26 February 2015, 9:00 am EST By Robin Burks Tech Times
A group of researchers at Cornell University recently used statistics and mathematical models to locate the best place to hide in the U.S. after a zombie outbreak begins: the Rockies.  ( AMC )

After a zombie outbreak, you might want to run for the Rocky Mountains, at least according to researchers at Cornell University.

The research team used statistical mechanics to figure out that this is the safest place to live during a zombie apocalypse.

However, the research wasn't completely fictional. The models they used could also be applied to real-world disease outbreaks.

Inspired by zombie novel World War Z, as well as a class on statistical mechanics, these researchers figured out how a zombie virus would spread throughout the U.S. The team started with equations that considered the U.S. population as a whole, but then narrowed those equations down to simulate how the disease would spread throughout specific areas, some more remote than others.

"At their heart, the simulations are akin to modeling chemical reactions taking place between different elements and, in this case, we have four states a person can be in-human, infected, zombie, or dead zombie-with approximately 300 million people," says Alex Alemi, a graduate student at Cornell University.
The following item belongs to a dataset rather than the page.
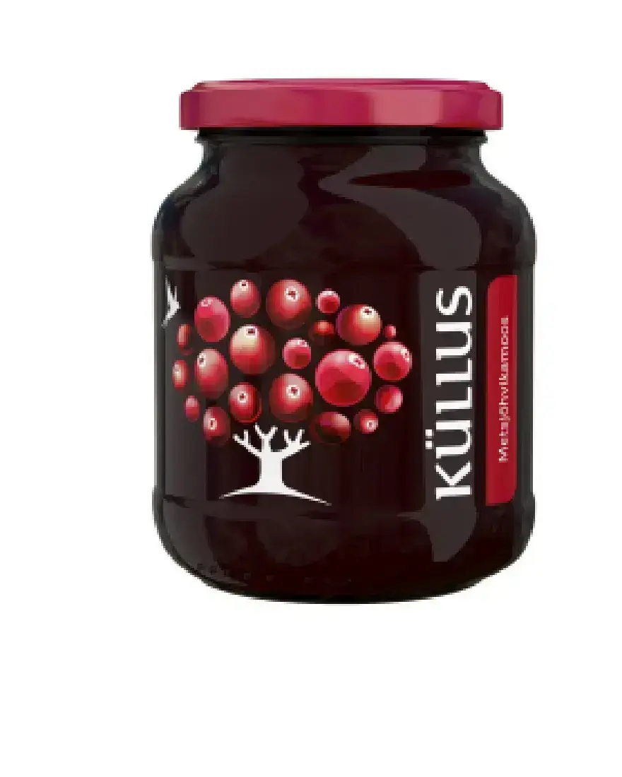 KULLUS metsjõhvikamoos marjadega, 400g. Koostisosad: suhkur, metsjõhvikad (35%), vesi, paksendajad (tärklis, pektiin), happesuse regulaator (sidrunhape). Valmistatud 35g marjadest 100g toote kohta. Suhkrusisaldus 50g 100g toote kohta. Hoida jahedas ja kuivas kohas. Pärast avamist hoida külmkapis ja tarbida 5 päeva jooksul. Päritolu: Eesti.

What's most interesting about this study is that in zombie books, movies and television shows, zombie outbreaks happen everywhere at the same time, but Cornell's model shows that if such an event really happened, that wouldn't be the case. Cities would be the first to succumb to the virus and fall quickly, but more remote less-populated regions would have a few weeks to prepare. Also, it would take months for the outbreak to reach the region containing the Rocky Mountains.
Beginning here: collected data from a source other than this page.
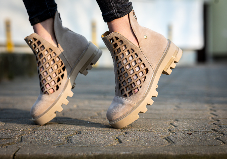 - Botki w odcieniach beżu i brązu – doskonale komponują się z letnimi i wiosennymi stylizacjami.
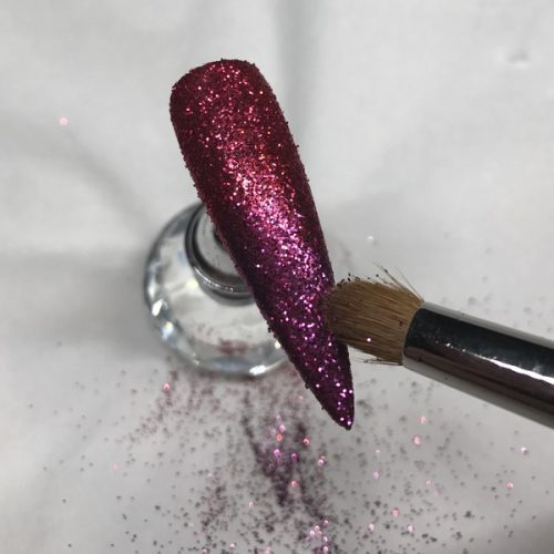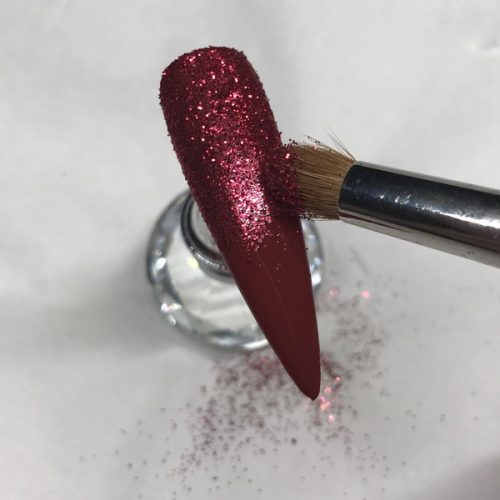 Dust away the excess glitter. Top coat the entire nail and cure.
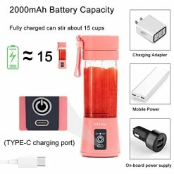 - Rechargeable: Electric juicer cup has a built-in 2000mAh rechargeable battery, recharged through power banks, laptops, computers or other USB devices. Charge 3-5 hours and use 15-20 times.

"Given the dynamics of the disease, once the zombies invade more sparsely populated areas, the whole outbreak slows down-there are fewer humans to bite, so you start creating zombies at a slower rate," says Alemi. "I'd love to see a fictional account where most of New York City falls in a day, but upstate New York has a month or so to prepare."
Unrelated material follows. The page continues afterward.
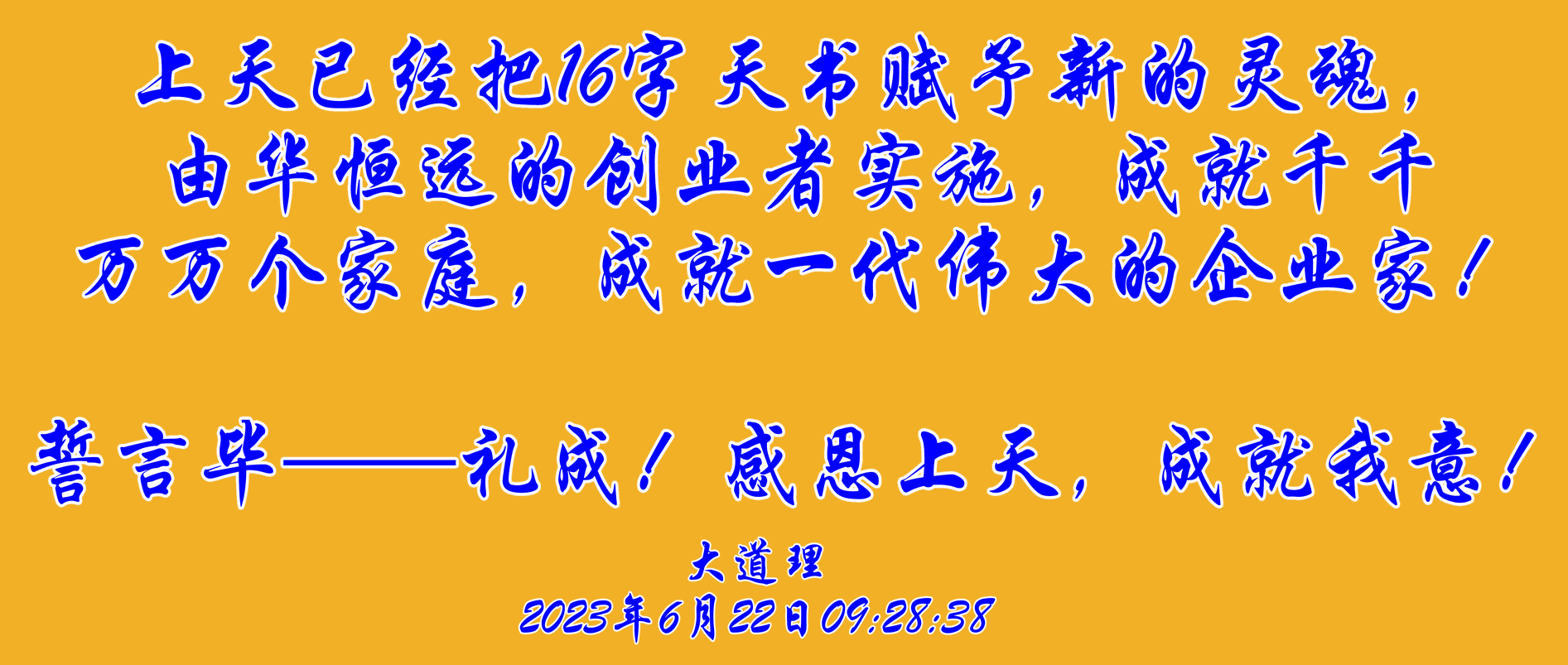 上天已經(jīng)把16字天書賦予新的靈魂,由華恒遠(yuǎn)的創(chuàng)業(yè)者實施,成就千千萬萬個家庭,成就一代偉大的企業(yè)家!

That preparation, though, could end the entertainment factor. If an area has so much time to prepare for an outbreak, the zombie virus could be dealt with in that amount of time, perhaps even cured.

But the takeaway here is that when the zombie apocalypse begins, head for the mountains. And remember that something called statistical mechanics probably just saved your life.

Alemi points out that his researchers aren't expecting an outbreak, but by using a fun topic of study, students can better understand a complicated subject.